--- Stored data ---

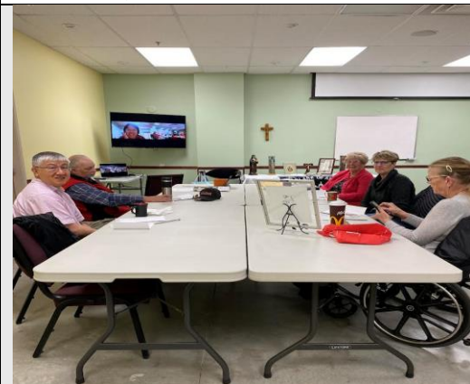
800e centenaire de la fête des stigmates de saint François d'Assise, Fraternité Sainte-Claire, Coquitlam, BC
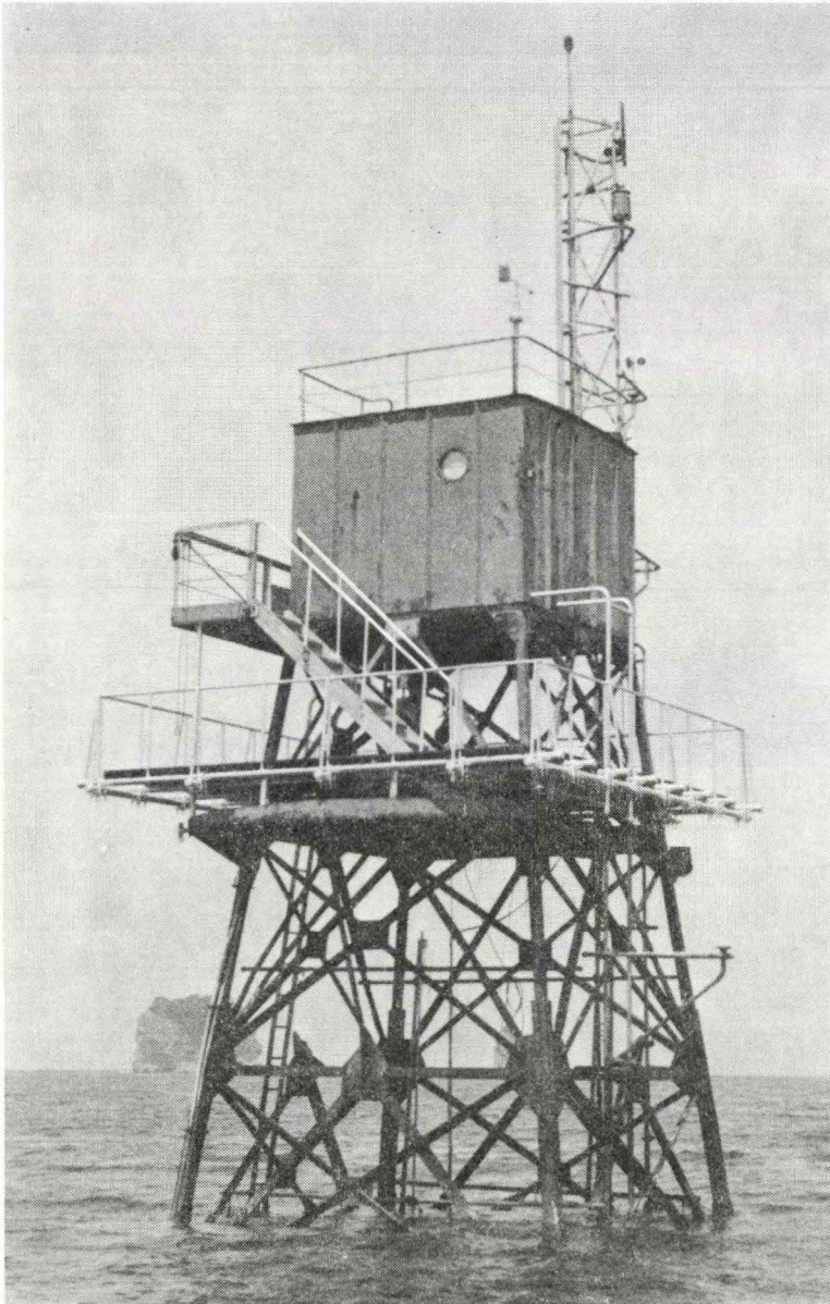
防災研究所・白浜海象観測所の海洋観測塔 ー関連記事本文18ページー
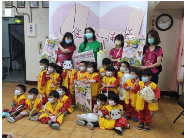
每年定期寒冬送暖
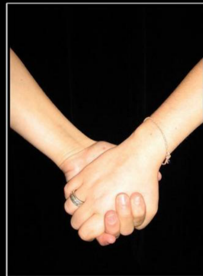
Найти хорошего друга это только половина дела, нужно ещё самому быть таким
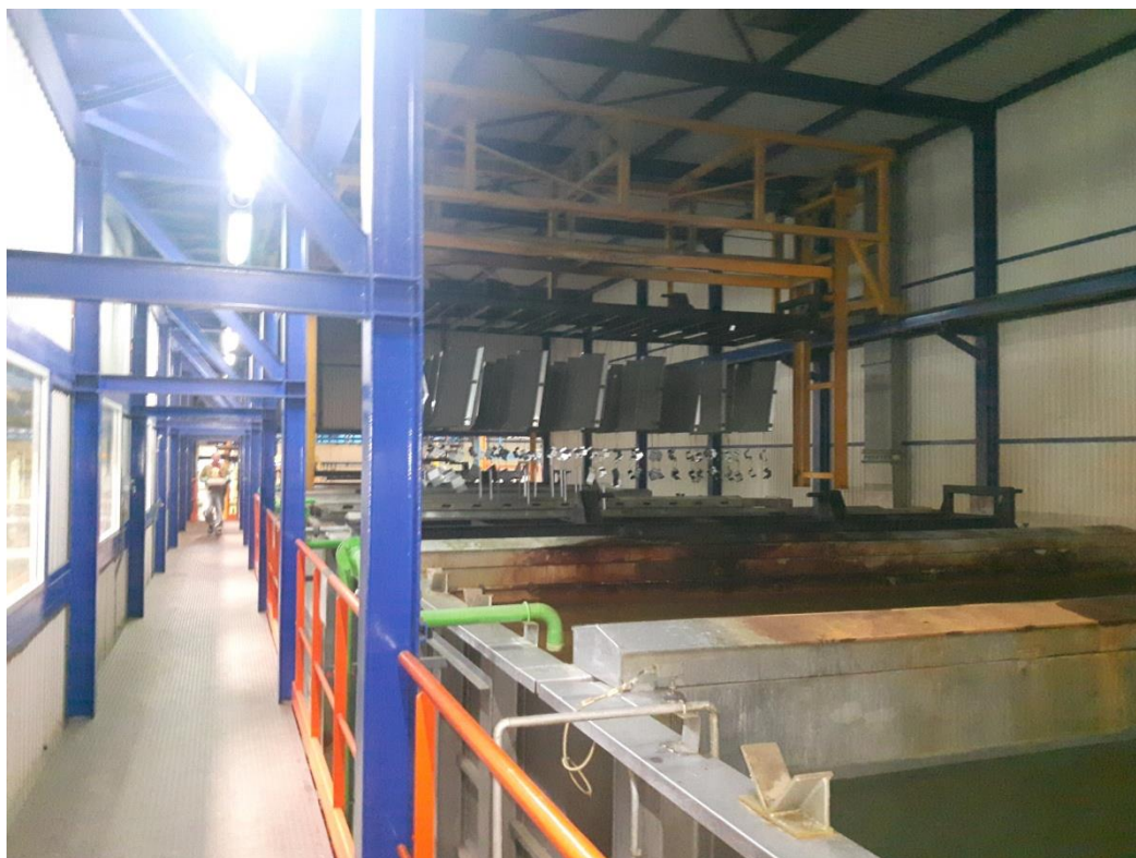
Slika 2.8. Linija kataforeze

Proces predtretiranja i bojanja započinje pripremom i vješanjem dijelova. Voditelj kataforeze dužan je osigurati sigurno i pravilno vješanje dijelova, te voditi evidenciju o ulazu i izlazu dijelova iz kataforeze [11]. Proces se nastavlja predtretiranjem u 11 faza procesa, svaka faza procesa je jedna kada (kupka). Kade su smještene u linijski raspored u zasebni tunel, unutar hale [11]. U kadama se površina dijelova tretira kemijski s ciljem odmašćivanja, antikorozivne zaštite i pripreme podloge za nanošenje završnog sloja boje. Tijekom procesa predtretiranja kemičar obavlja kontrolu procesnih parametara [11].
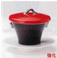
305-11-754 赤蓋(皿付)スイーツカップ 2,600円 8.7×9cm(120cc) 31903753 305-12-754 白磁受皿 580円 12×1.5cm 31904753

---

Exercise brief ▸ Verbatim transcription needed, from the opening line of the entries above through the line containing "Slika 2.8. Linija kataforeze"; pictures do not belong in it.

Result ▸
800e centenaire de la fête des stigmates de saint François d'Assise, Fraternité Sainte-Claire, Coquitlam, BC
防災研究所・白浜海象観測所の海洋観測塔 ー関連記事本文18ページー
每年定期寒冬送暖
Найти хорошего друга это только половина дела, нужно ещё самому быть таким
Slika 2.8. Linija kataforeze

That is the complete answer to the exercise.